在src/main/resources 下新建配置文件 log4j.properties
log4j.rootLogger=info, stdout
log4j.appender.stdout=org.apache.log4j.ConsoleAppender
log4j.appender.stdout.layout=org.apache.log4j.PatternLayout
log4j.appender.stdout.layout.ConversionPattern=%d{yyyy-MM-dd HH:mm:ss,SSS} %5p --- [%50t] %-80c(line:%5L) : %m%n首先编写AlsOfflineRecommend.scala
import org.apache.spark.SparkConf
import org.apache.spark.sql.SparkSession
import org.apache.spark.mllib.recommendation.Rating
import org.apache.spark.mllib.recommendation.ALS
//基于评分数据的隐语义模型,只需要评分数据
case class MovieRating(uid: Int, mid: Int, score: Double, timestamp: Int)
case class MongoConfig(uri: String, db: String)
//定义基准推荐对象
case class Recommendation(mid: Int, score: Double)
//定义基于用预测评分的用户推荐列表
case class UserRecs(uid: Int, recs: Seq[Recommendation])
//基于隐语义模型电影特征向量的电影相似度列表
case class MovieRecs(mid: Int, recd: Seq[Recommendation])
object AlsOfflineRecommend {
//定义表名和常量
val MONGODB_RATING_COLLECTION = "Rating"
val USER_RECS = "UserRecs"
val MOVIE_RECS = "MovieRecs"
val USER_MAX_RECOMMENDATION = 20
def main(args: Array[String]): Unit = {
val config = Map(
"spark.cores" -> "local[*]",
"mongo.uri" -> "mongodb://localhost:27017/recommender",
"mongo.db" -> "recommender"
)
// 创建一个sparkConf
val sparkConf = new SparkConf().setMaster(config("spark.cores")).setAppName("OfflineRecommender")
// 创建一个SparkSession
val sparkSession = SparkSession.builder().config(sparkConf).getOrCreate()

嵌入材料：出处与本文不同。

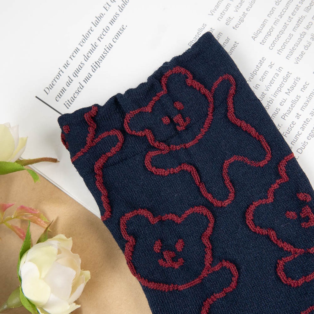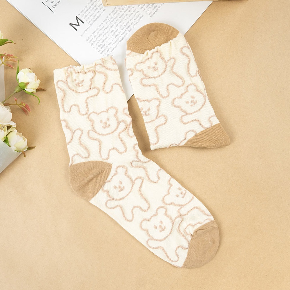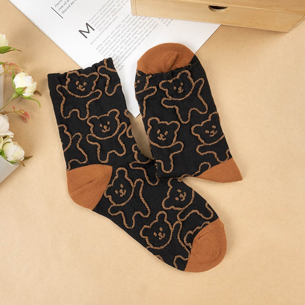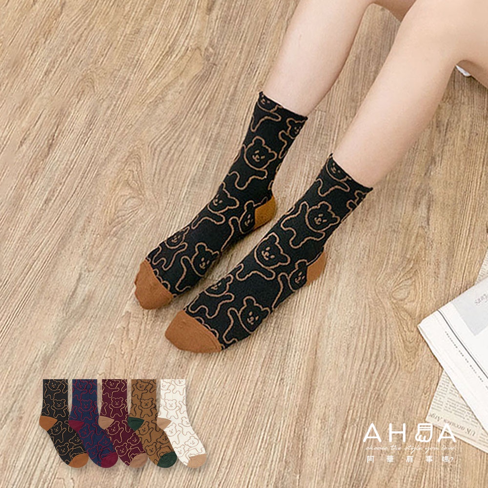 AHUA 韓國襪子 滿版立體熊熊中筒襪【現貨】女襪 女生襪子 熊熊襪子 襪子推薦 百搭純棉襪 K1491 阿華有事嗎

import sparkSession.implicits._
implicit val mongoConfig = MongoConfig(config("mongo.uri"), config("mongo.db"))
//加载数据
//从mongodb中加载数据
val ratingRDD = sparkSession.read
.option("uri", mongoConfig.uri)
.option("collection", MONGODB_RATING_COLLECTION)

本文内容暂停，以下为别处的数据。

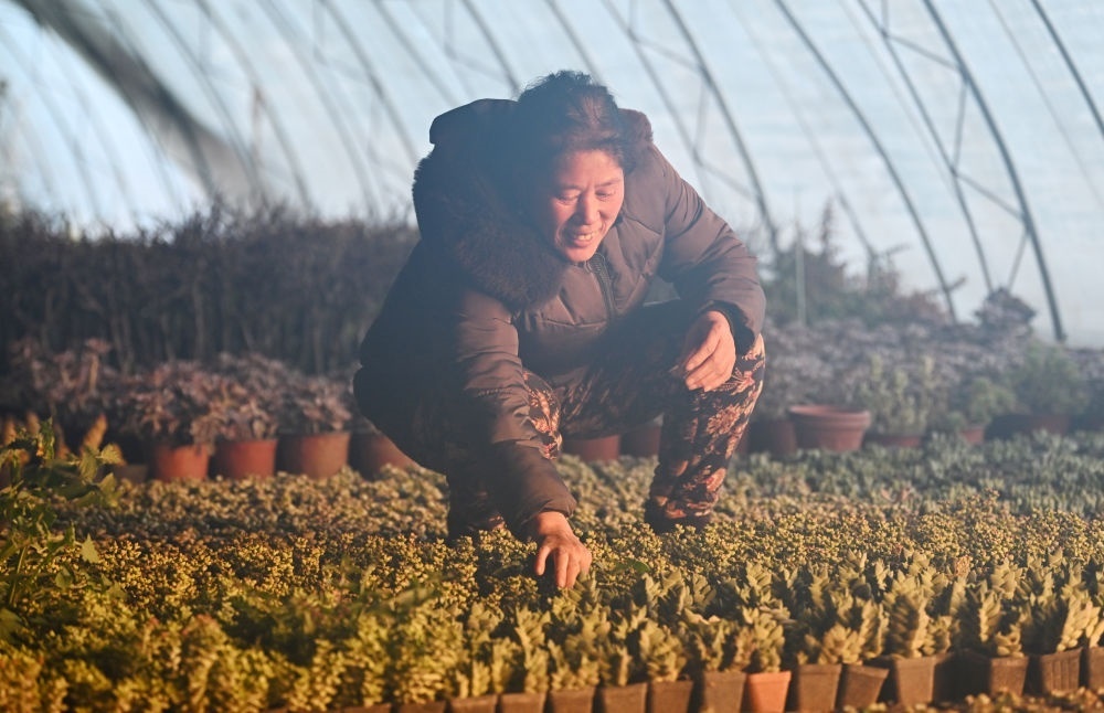 在天津市北辰區(qū)雙口鎮(zhèn)中河頭村,農(nóng)戶正查看大棚里的多肉植物。新華社記者 李然 攝

.format("com.mongodb.spark.sql")
.load()
.as[MovieRating]
.rdd
.map(rating => (rating.uid, rating.mid, rating.score)) //转换成rdd,并且去掉时间戳
.cache()
//从rating数据中提取所有uid和mid去重
val userRDD = ratingRDD.map(_._1).distinct()

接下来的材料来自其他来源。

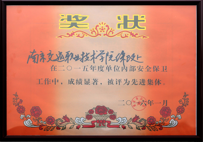 在日前召开的高新园2016年度安全生产、食品安全、消防安全工作会议上,学院获“安全生产先进单位”称号。在驻园15所院校中仅有两所获此荣誉。同时,学院保卫处还被南京市公安局评为“2015年度安全保卫工作先进集体”。
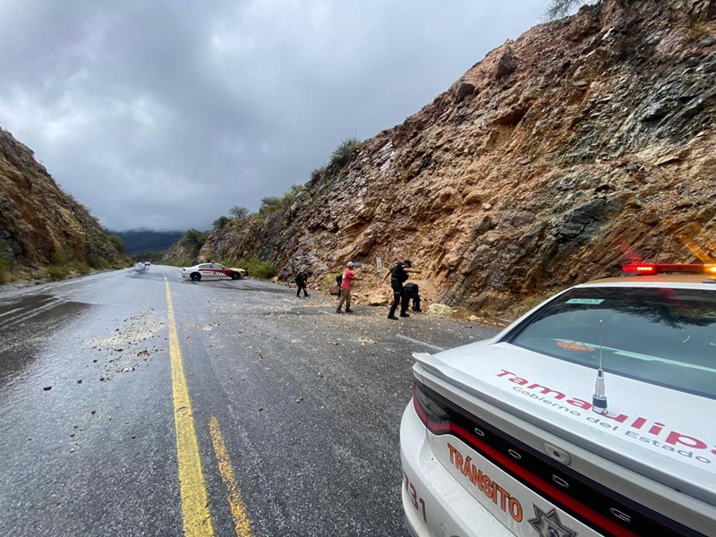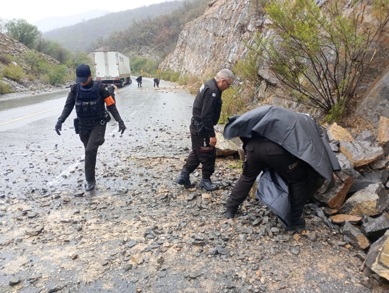 Durante los días de lluvia han coadyuvado en el retiro de piedras que caen desde la sierra a la carpeta asfáltica, acordonamiento de áreas de riesgo y el auxilio a ciudadanos que presentan afectaciones en sus vehículos derivados de las precipitaciones.
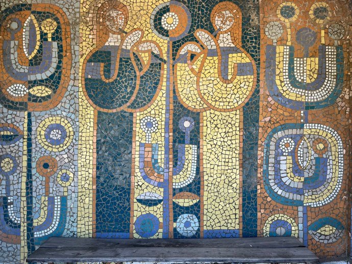 Зупинка з мозаїкою у селі Січинці на Хмельниччині. Олена Буштрук
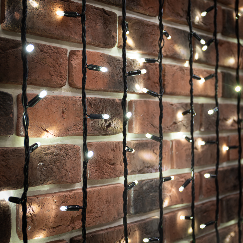 Гирлянда имеет белый цвет свечения и обладает эффектом водопада.
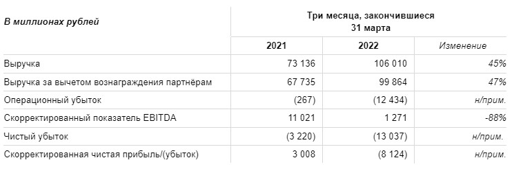 До 23 февраля 2022 года мы демонстрировали значительный рост в большинстве наших направлений. За последние пять недель первого квартала на деятельность некоторых наших направлений негативно повлияли геополитические события, что отразилось на результатах за весь первый квартал.

val movieRDD = ratingRDD.map(_._2).distinct()
//训练隐语义模型
val trainData = ratingRDD.map(x => Rating(x._1, x._2, x._3))
val (rank, iterations, lambda) = (50, 5, 0.01)
val model = ALS.train(trainData, rank, iterations, lambda)
//基于用户和电影的隐特征,计算预测评分,得到用户的推荐列表
//计算user和movie的笛卡尔积,得到空评分矩阵
val userMovies = userRDD.cartesian(movieRDD);
//调用model的predict方法预测评分
val preRatings = model.predict(userMovies)
val userRecs = preRatings
.filter(_.rating > 0) //过滤出评分大于0的项
.map(rating => (rating.user, (rating.product, rating.rating)))
.groupByKey()
.map {
case (uid, recs) => UserRecs(uid, recs.toList.sortWith(_._2 > _._2).take(USER_MAX_RECOMMENDATION).map(x => Recommendation(x._1, x._2)))
}
.toDF()
userRecs.write
.option("uri", mongoConfig.uri)
.option("collection", USER_RECS)
.mode("overwrite")
.format("com.mongodb.spark.sql")
.save()
sparkSession.stop()
}
}在上述模型训练的过程中,我们直接给定了隐语义模型的 rank,iterations,lambda三个参数。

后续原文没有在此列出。